What needs to be done
The whole listing below should be retyped exactly, without any images.

Data excerpt
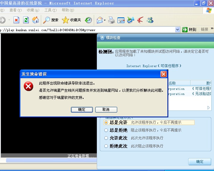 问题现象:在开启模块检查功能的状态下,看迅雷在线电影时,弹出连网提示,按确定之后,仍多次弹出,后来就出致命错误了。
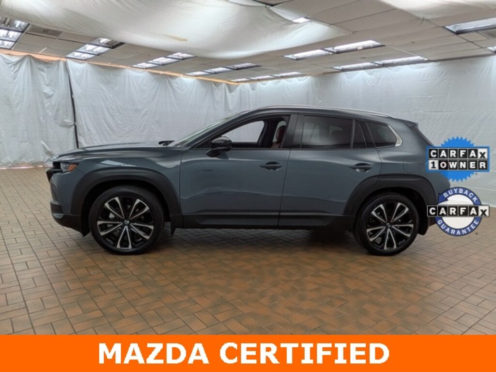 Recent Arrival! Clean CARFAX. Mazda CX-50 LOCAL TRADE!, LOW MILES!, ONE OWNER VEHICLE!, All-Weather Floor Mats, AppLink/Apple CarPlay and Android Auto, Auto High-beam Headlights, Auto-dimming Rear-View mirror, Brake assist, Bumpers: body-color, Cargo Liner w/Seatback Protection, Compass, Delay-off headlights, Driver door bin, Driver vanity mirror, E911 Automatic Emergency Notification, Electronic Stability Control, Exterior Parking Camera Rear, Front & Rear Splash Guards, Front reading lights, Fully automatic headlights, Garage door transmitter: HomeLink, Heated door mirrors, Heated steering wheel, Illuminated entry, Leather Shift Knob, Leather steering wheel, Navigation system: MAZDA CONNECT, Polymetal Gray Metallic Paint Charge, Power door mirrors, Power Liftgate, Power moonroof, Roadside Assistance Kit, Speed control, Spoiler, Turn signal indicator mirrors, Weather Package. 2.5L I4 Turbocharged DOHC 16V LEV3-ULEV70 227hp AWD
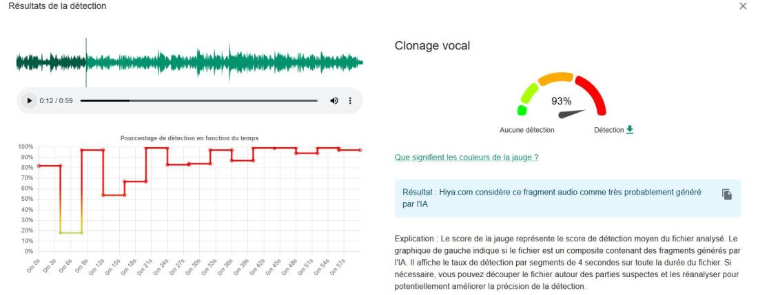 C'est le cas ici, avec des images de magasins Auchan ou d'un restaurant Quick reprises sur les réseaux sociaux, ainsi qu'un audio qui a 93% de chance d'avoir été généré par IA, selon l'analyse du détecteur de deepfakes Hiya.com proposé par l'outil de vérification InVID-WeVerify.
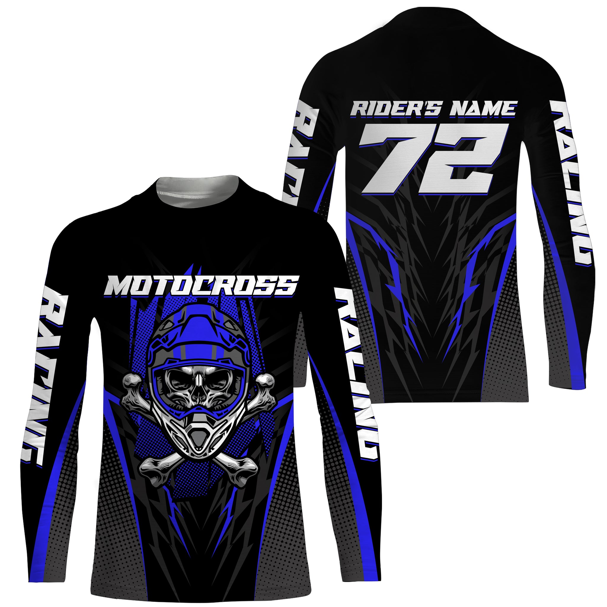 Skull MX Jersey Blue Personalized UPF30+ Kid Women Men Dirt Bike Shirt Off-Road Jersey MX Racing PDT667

Response
 问题现象:在开启模块检查功能的状态下,看迅雷在线电影时,弹出连网提示,按确定之后,仍多次弹出,后来就出致命错误了。
 Recent Arrival! Clean CARFAX. Mazda CX-50 LOCAL TRADE!, LOW MILES!, ONE OWNER VEHICLE!, All-Weather Floor Mats, AppLink/Apple CarPlay and Android Auto, Auto High-beam Headlights, Auto-dimming Rear-View mirror, Brake assist, Bumpers: body-color, Cargo Liner w/Seatback Protection, Compass, Delay-off headlights, Driver door bin, Driver vanity mirror, E911 Automatic Emergency Notification, Electronic Stability Control, Exterior Parking Camera Rear, Front & Rear Splash Guards, Front reading lights, Fully automatic headlights, Garage door transmitter: HomeLink, Heated door mirrors, Heated steering wheel, Illuminated entry, Leather Shift Knob, Leather steering wheel, Navigation system: MAZDA CONNECT, Polymetal Gray Metallic Paint Charge, Power door mirrors, Power Liftgate, Power moonroof, Roadside Assistance Kit, Speed control, Spoiler, Turn signal indicator mirrors, Weather Package. 2.5L I4 Turbocharged DOHC 16V LEV3-ULEV70 227hp AWD
 C'est le cas ici, avec des images de magasins Auchan ou d'un restaurant Quick reprises sur les réseaux sociaux, ainsi qu'un audio qui a 93% de chance d'avoir été généré par IA, selon l'analyse du détecteur de deepfakes Hiya.com proposé par l'outil de vérification InVID-WeVerify.
 Skull MX Jersey Blue Personalized UPF30+ Kid Women Men Dirt Bike Shirt Off-Road Jersey MX Racing PDT667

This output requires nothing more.